It has been reported that increase in serum ferritin levels and/or in hepatic iron content is associated with a poor response to interferon treatment in patients with chronic hepatitis C (CH-C).
Aim: To determinate whether iron depletion by phlebotomy (PB) increases the response to interferon therapy in chronic hepatitis C.
Patients and methods: We have evaluated 12 patients with CH-C (genotype 1b = 11, 1a = 1), increased ALT levels, positive serum VHC-RNA and increased serum ferritin levels (> 220 ng/ml), including 8 previously non responders to interferon therapy and 4 naive subjects. Phlebotomies were performed weekly (mean number per patient: 6, range: 5-12) until serum ferritin levels were < 100 ng/ml, followed by interferon treatment (3MU thrice weekly for 3-12 months depending on the response).

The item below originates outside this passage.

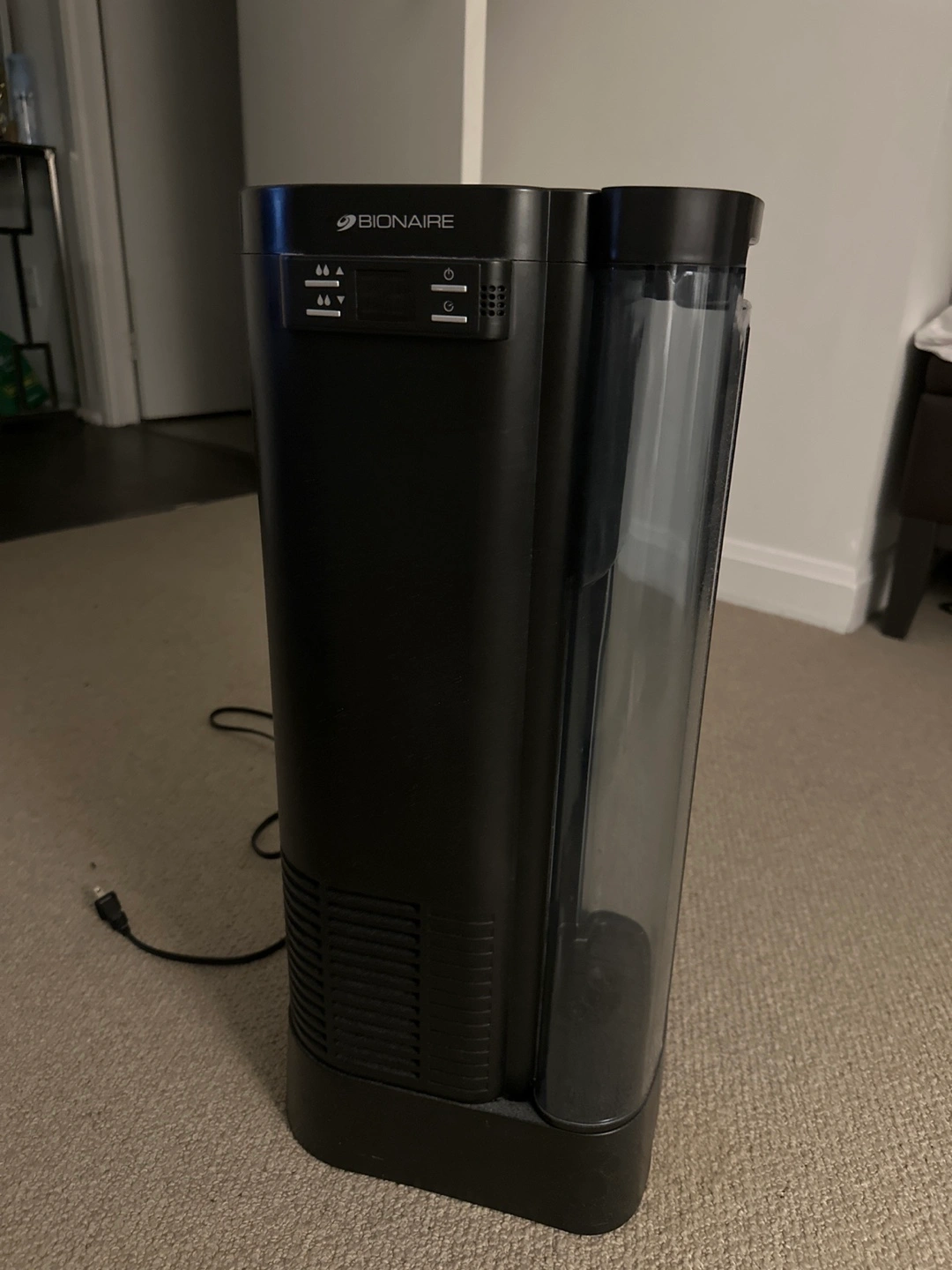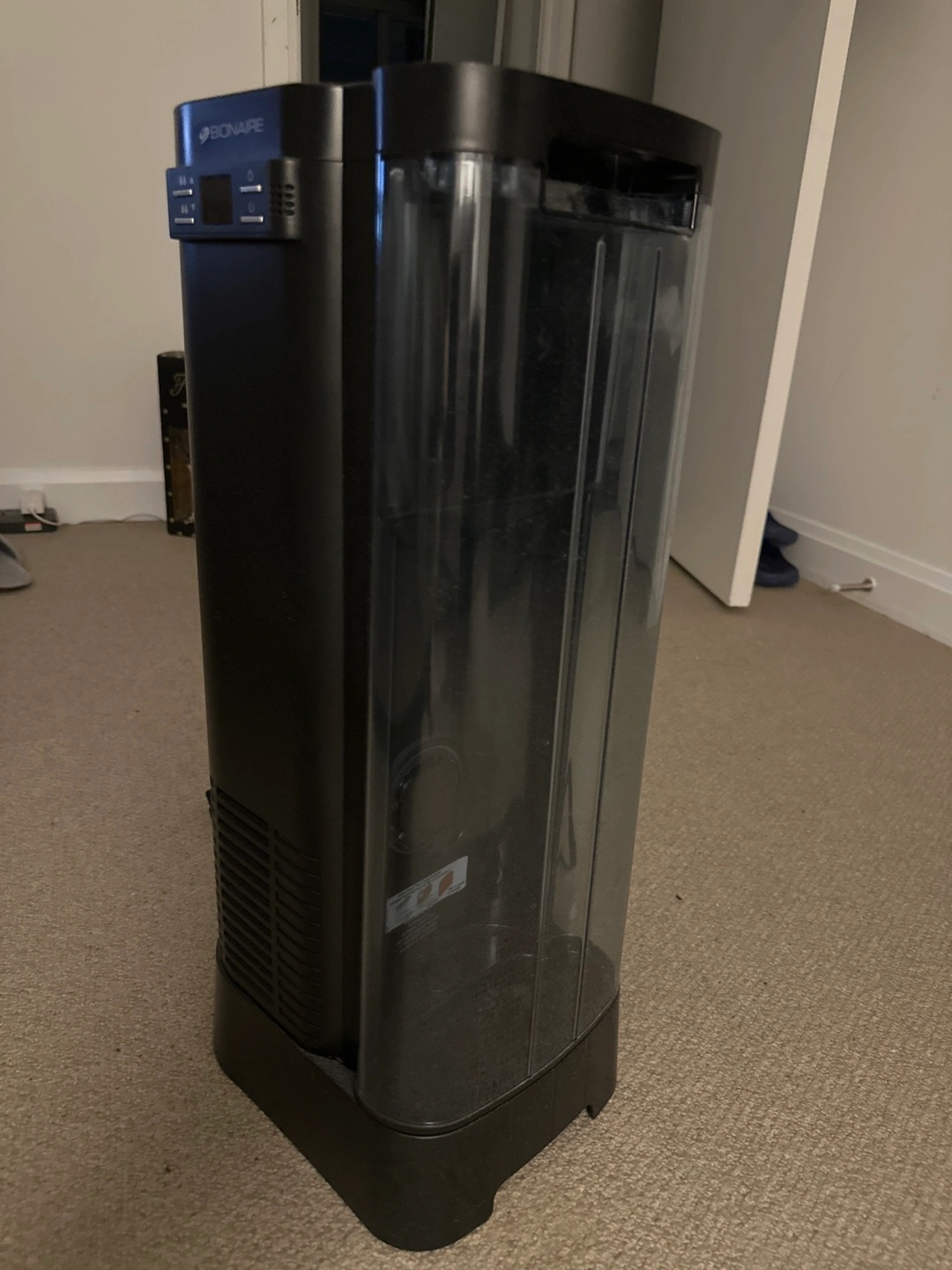 Bionaire brand humidifier. Black colour. Vertical design. Features a water reservoir and controls. Good for adding moisture to the air. Selling due to moving out of country.

Results: Multiple regression analysis showed that serum ferritin levels were not related to serum ALT levels (p = 0.18) or viral load (p = 0.06). Serum ALT levels decreased significantly post-PB (58 U/l, range: 35-141 U/l) as compared to pretreatment levels (164 U/l, range: 51-216 U/l, p < 0.006) and normalized in two subjects. HCV-RNA was positive in one of the latter and negative in the other. Eleven of the twelve patients did not respond to interferon after three months of therapy (increased serum ALT levels in 10 subjects and positive HCV RNA in 11). One additional patient, who had not been treated previously with interferon and had low pretreatment viral load, had a sustained response after 12 months of interferon therapy. Viral load did not decreased either with PB or following interferon treatment. By contrast, serum ferritin levels did not increase with interferon treatment or during the 6 month follow-up period.
Conclusions: Decreasing serum ferritin levels by phlebotomies does not increase HCV erradication rate after interferon treatment. Sustained response to interferon therapy is an infrequent event and is more dependent on viral factors (viral load and genotype).